### PROBLEM TO SOLVE
Every line from the first record below down to the line that includes "There are three" must be reproduced exactly; the pictures are not.

### THE RECORDS

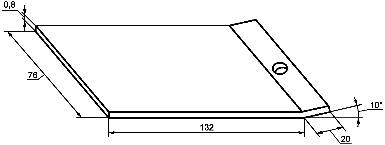5.2 Испытательная металлическая пластина (см. рисунок 2) толщиной 0,8 мм, шириной (76,0 +/- 0,5) мм, длиной 132 мм и испытуемой областью (76,0 +/- 0,5) x (131,5 +/- 0,5) мм = (100 +/- 1) см
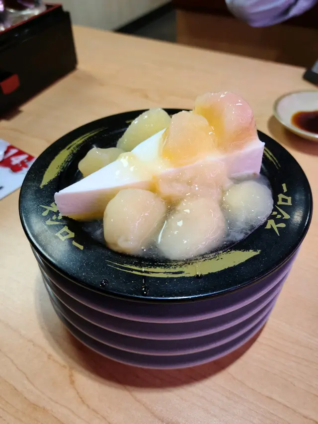 大約7:10攞飛都仲要等100個位,入得座嚟都8:30。除咗固定Menu上面嘅餐點,本身特登嚟試新出嘅甜品——焦糖蛋糕,但係唔知係咪因為最近有人話佢冇指出有敏嘅成份,所以冇得食🥲。咁就唯有試吓新出嘅鵝肝軍艦、紅酒鵝肝配蘋果壽司同埋番薯天婦羅。鵝肝軍艦 $17一疊兩件,就係紅酒鵝肝壽司切頭切尾整成嘅軍艦,份量都幾多,味道當然唔差,性價比都幾高!紅酒鵝肝配蘋果壽司 $27蘋果幾清潔配埋紅酒鵝肝本身嗰種甜同埋鵝油味,好fresh,係會令人想encore嘅~番薯天婦羅$18一碟有四件番薯,即叫即炸,做到皮薄如果番薯係香甜軟身嘅!…查看更多
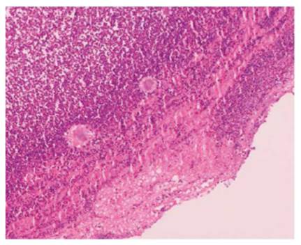 Figura 3 Coloración de Hematoxilina-eosina, aumento 10X. Líquido pleural con proceso inflamatorio agudo severo y presencia de estructuras redondeadas por bacterias “Signo gránulos de azufre”
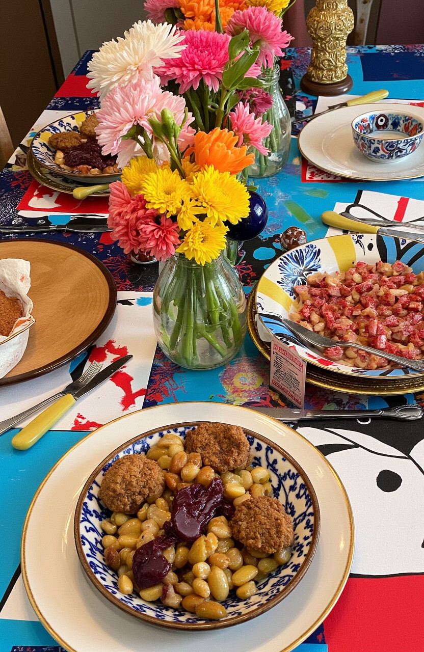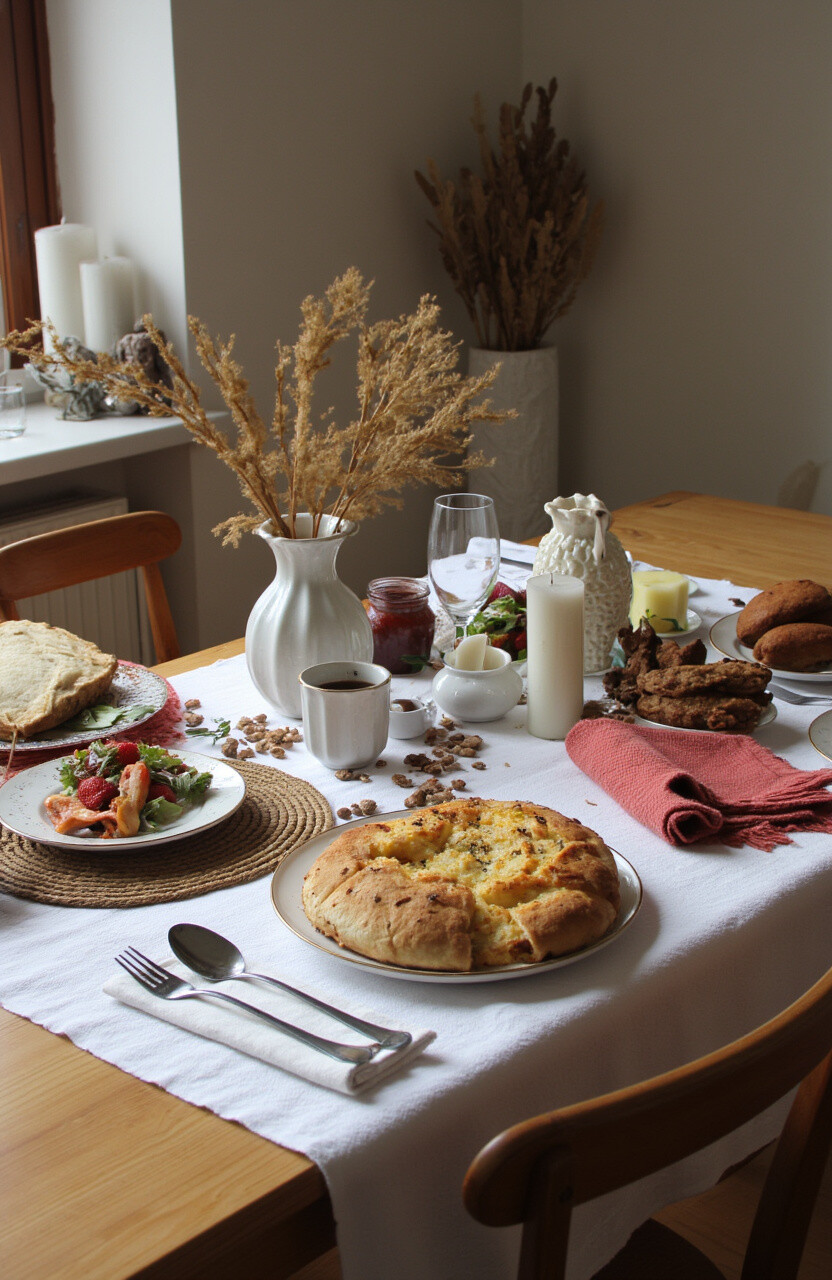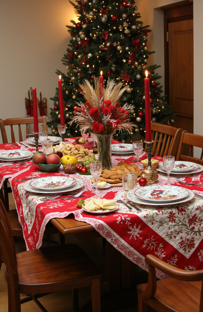 Celebrate the holidays with a traditional festive table. Use classic colors, seasonal decor, and nostalgic elements. It’s perfect for family gatherings and holiday feasts.
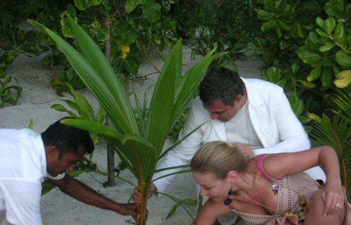 За традиціями островитян закохані посадили дерево та встановили табличку зі своїми іменами і датою церемонії.
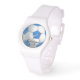 Blauw-wit voetbal horloge voor een meisje voetballer, met een plaats voor haar naam in zwart script. Dit is het perfecte aangepaste cadeau voor een jong meisje of tiener. De kleur van de band kan worden veranderd van roze naar rood of wit, of het uiterlijk van het horloge volledig veranderen.
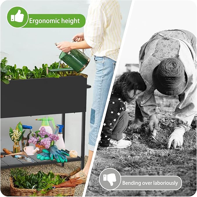 • 【Ergonomically Designed】: Standing at 31.5 inches off the ground, the outdoor garden bed ensures that you can tend to your plants comfortably without bending over, reducing strain on your back and knees. Gardening has never been easier or more enjoyable
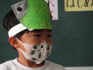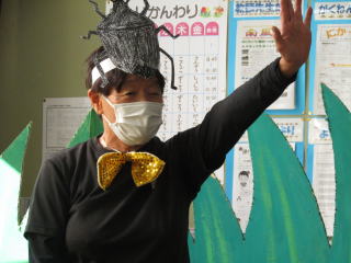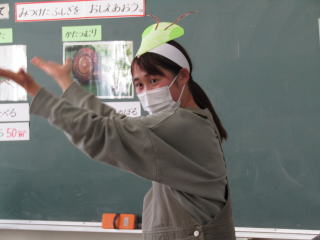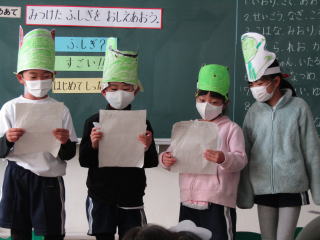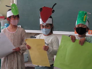 | 1年生で生活科の研究授業が行われました。今日は「むしむしはっぴょうかい!」。自分で作ったお面を被り、クイズ形式や寸劇で「むし」のひみつをグループ発表しました。発表が終わった後には、@不思議に思ったことAすごいと思ったことB初めて知ったこと を発表を見ている子どもたちが発表し、全体で共有しました。 |
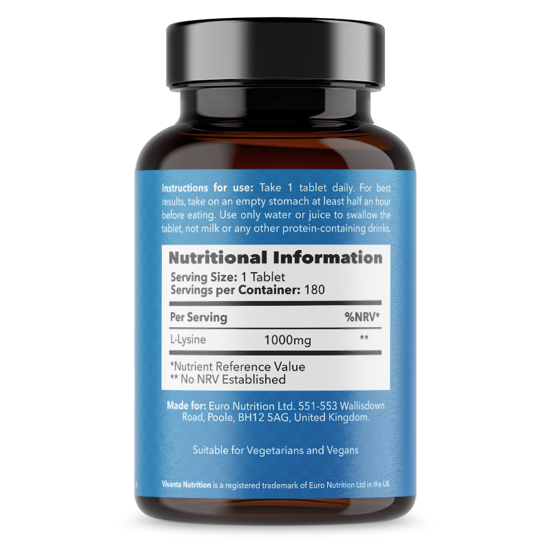 - L-Lysine 1000mg tablets – Vivanta Nutrition presents their powerful L-Lysine supplement providing 180 x 1000mg tablets in every bottle with added B12 and Biotin
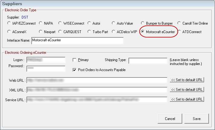 There are three DST interfaces: Motorcraft eCounter, ACDelco WIP from DST, and TurboParts. You can set up an interface for each per supplier or one supplier with an interface for each depending on your business agreements.
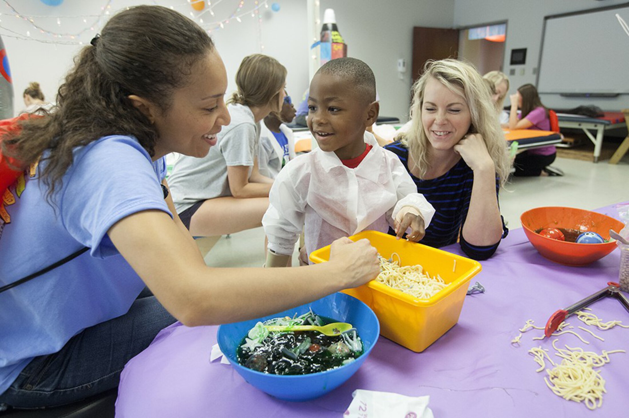 Play-Doh, bubbles, painting stations, a mini bounce castle, a food dye experiment and to top it all off – pinatas! The laughter and goofy kid energy bouncing off the walls at the College of Health Professions is a pretty good indication that the children at Camp Hand to Hands are enjoying themselves. But this camp, now in its 18th year, serves important therapeutic and educational purposes.
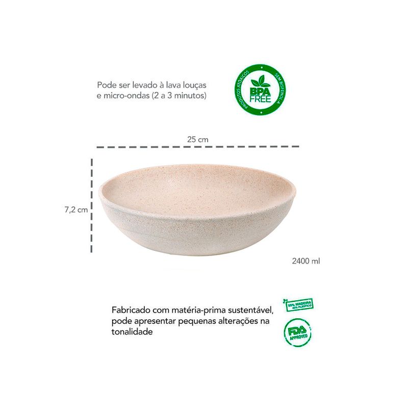 Tigela cumbuca, ideal para saladas e sobremesas. As tigelas são resistentes e tem infinitas possibilidades de uso, como servir pipoca, doces, frutas e saladas. Pode ser levado à lava louças e micro-ondas. Produto atóxico e fabricado com matéria-prima sustentável. Desenvolvida por meio da mistura entre 69% de materiais provenientes de fontes renováveis e uma parcela reduzida de polipropileno. Os produtos EVO são inovadores e sustentáveis, utilizando-se em sua fabricação de 55% de madeira de reflorestamento, provenientes de fontes renováveis, em vez de plásticos, provenientes de fontes de origem não renováveis. A madeira, diferentemente do plástico, que emite CO2 (dióxido de carbono) quando de sua fabricação, durante seu crescimento sequestra carbono da atmosfera, por isso nossos produtos são feitos da composição ideal para equilibrar essa balança. A Evo uniu a madeira e o plástico em um único produto, unindo os benefícios de ambos (beleza, sustentabilidade e durabilidade) e proporcionando menor impacto ao meio ambiente. Produtos aprovados segundo normas do FDA (Food and Drug Administration) dos Estados Unidos sobre registro número 100112660. Contêm: 1 Tigela Saladeira Medidas: 25 x 7,2 cm Capacidade: 2400 ml Casacha é uma loja virtual com artigos para casa, cozinha, banheiro e lavanderia.
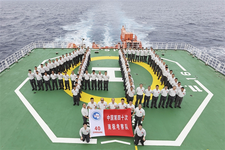 11月10日,中国第40次南极考察队在“雪龙2”号上排列成“40”字样的队形合影留念。
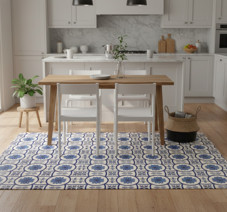 The Kitchen vinyl rug with blue flower portuguese tile kitchen vinyl rug serves as a perfect centerpiece in your kitchen decor. Its enchanting floral design radiates warmth and invites creativity, making meal preparations feel more enjoyable. This rug effortlessly complements various color palettes and styles, adding a unique touch that reflects your personality. Elevate your kitchen's ambiance with this delightful rug!

### ANSWER AREA
5.2 Испытательная металлическая пластина (см. рисунок 2) толщиной 0,8 мм, шириной (76,0 +/- 0,5) мм, длиной 132 мм и испытуемой областью (76,0 +/- 0,5) x (131,5 +/- 0,5) мм = (100 +/- 1) см
 大約7:10攞飛都仲要等100個位,入得座嚟都8:30。除咗固定Menu上面嘅餐點,本身特登嚟試新出嘅甜品——焦糖蛋糕,但係唔知係咪因為最近有人話佢冇指出有敏嘅成份,所以冇得食🥲。咁就唯有試吓新出嘅鵝肝軍艦、紅酒鵝肝配蘋果壽司同埋番薯天婦羅。鵝肝軍艦 $17一疊兩件,就係紅酒鵝肝壽司切頭切尾整成嘅軍艦,份量都幾多,味道當然唔差,性價比都幾高!紅酒鵝肝配蘋果壽司 $27蘋果幾清潔配埋紅酒鵝肝本身嗰種甜同埋鵝油味,好fresh,係會令人想encore嘅~番薯天婦羅$18一碟有四件番薯,即叫即炸,做到皮薄如果番薯係香甜軟身嘅!…查看更多
 Figura 3 Coloración de Hematoxilina-eosina, aumento 10X. Líquido pleural con proceso inflamatorio agudo severo y presencia de estructuras redondeadas por bacterias “Signo gránulos de azufre”
 Celebrate the holidays with a traditional festive table. Use classic colors, seasonal decor, and nostalgic elements. It’s perfect for family gatherings and holiday feasts.
 За традиціями островитян закохані посадили дерево та встановили табличку зі своїми іменами і датою церемонії.
 Blauw-wit voetbal horloge voor een meisje voetballer, met een plaats voor haar naam in zwart script. Dit is het perfecte aangepaste cadeau voor een jong meisje of tiener. De kleur van de band kan worden veranderd van roze naar rood of wit, of het uiterlijk van het horloge volledig veranderen.
 • 【Ergonomically Designed】: Standing at 31.5 inches off the ground, the outdoor garden bed ensures that you can tend to your plants comfortably without bending over, reducing strain on your back and knees. Gardening has never been easier or more enjoyable
 | 1年生で生活科の研究授業が行われました。今日は「むしむしはっぴょうかい!」。自分で作ったお面を被り、クイズ形式や寸劇で「むし」のひみつをグループ発表しました。発表が終わった後には、@不思議に思ったことAすごいと思ったことB初めて知ったこと を発表を見ている子どもたちが発表し、全体で共有しました。 |
 - L-Lysine 1000mg tablets – Vivanta Nutrition presents their powerful L-Lysine supplement providing 180 x 1000mg tablets in every bottle with added B12 and Biotin
 There are three DST interfaces: Motorcraft eCounter, ACDelco WIP from DST, and TurboParts. You can set up an interface for each per supplier or one supplier with an interface for each depending on your business agreements.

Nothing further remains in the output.